→ WHAT TO WORK ON
In the listing below, find the line containing "SY/T 5440-2000 天然气井试井技术规范" and the line containing "ELKO One 3-kehys 2-pistorasialle valkoinen ELKO", then copy exactly everything from the first through the second, except the pictures.
[[ INFORMATION open ]]
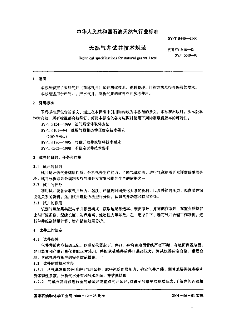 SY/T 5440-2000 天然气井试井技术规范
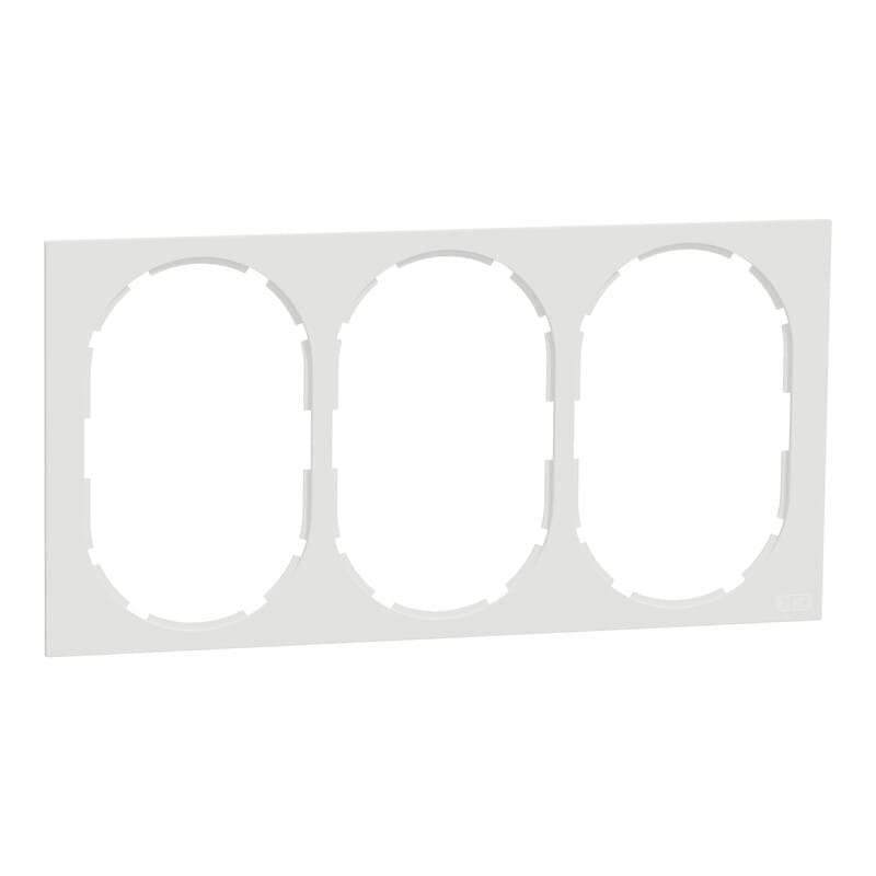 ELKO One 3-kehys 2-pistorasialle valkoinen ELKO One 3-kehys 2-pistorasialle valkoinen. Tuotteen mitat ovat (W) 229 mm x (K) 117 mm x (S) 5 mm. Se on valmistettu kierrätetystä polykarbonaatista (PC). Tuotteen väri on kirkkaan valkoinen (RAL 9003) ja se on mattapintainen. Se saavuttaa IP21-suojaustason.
[[ INFORMATION closed ]]
[[ INFORMATION open ]]
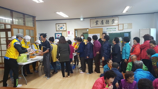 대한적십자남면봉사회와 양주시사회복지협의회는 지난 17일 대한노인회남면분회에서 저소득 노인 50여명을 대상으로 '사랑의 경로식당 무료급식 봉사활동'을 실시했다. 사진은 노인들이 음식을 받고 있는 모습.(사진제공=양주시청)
[[ INFORMATION closed ]]
[[ INFORMATION open ]]
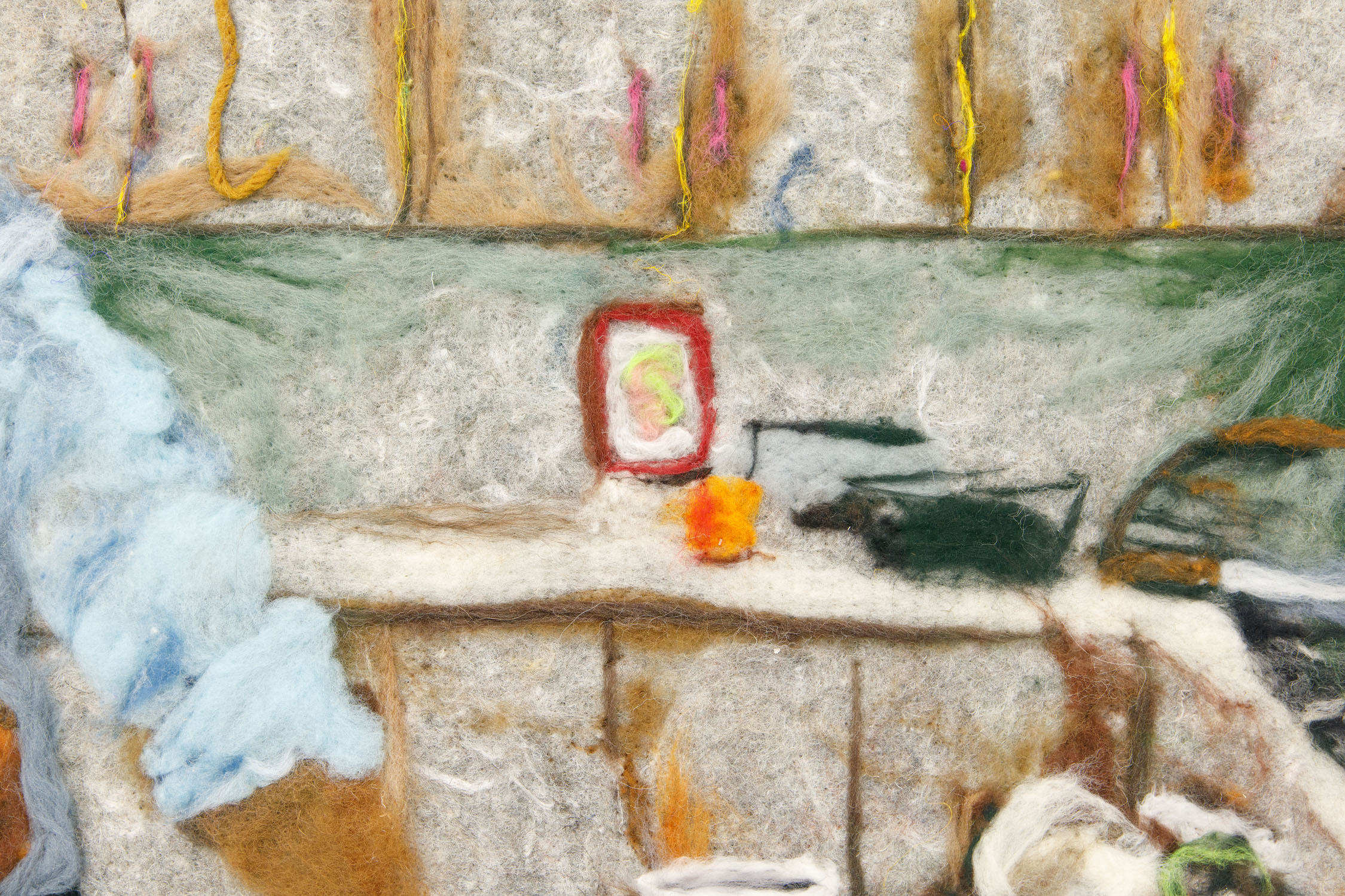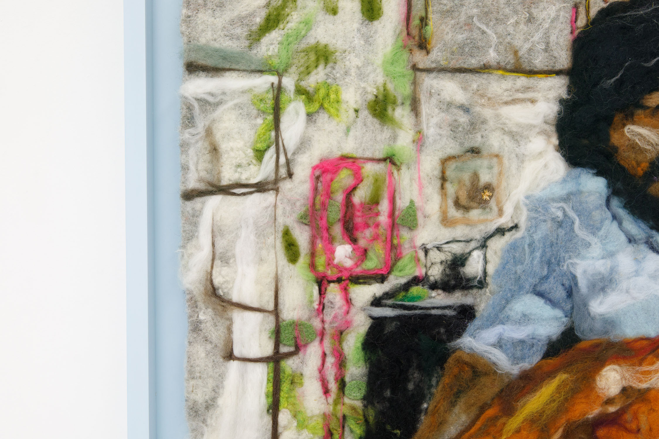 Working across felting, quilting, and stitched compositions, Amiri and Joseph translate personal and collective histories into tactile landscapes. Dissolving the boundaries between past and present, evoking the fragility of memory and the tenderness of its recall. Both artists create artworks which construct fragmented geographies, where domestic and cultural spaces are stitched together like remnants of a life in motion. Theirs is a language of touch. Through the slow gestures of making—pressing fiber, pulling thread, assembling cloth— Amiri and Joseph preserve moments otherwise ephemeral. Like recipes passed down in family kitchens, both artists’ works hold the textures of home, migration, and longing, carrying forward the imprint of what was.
[[ INFORMATION closed ]]
→ EXERCISE OUTPUT
 SY/T 5440-2000 天然气井试井技术规范
 ELKO One 3-kehys 2-pistorasialle valkoinen ELKO One 3-kehys 2-pistorasialle valkoinen. Tuotteen mitat ovat (W) 229 mm x (K) 117 mm x (S) 5 mm. Se on valmistettu kierrätetystä polykarbonaatista (PC). Tuotteen väri on kirkkaan valkoinen (RAL 9003) ja se on mattapintainen. Se saavuttaa IP21-suojaustason.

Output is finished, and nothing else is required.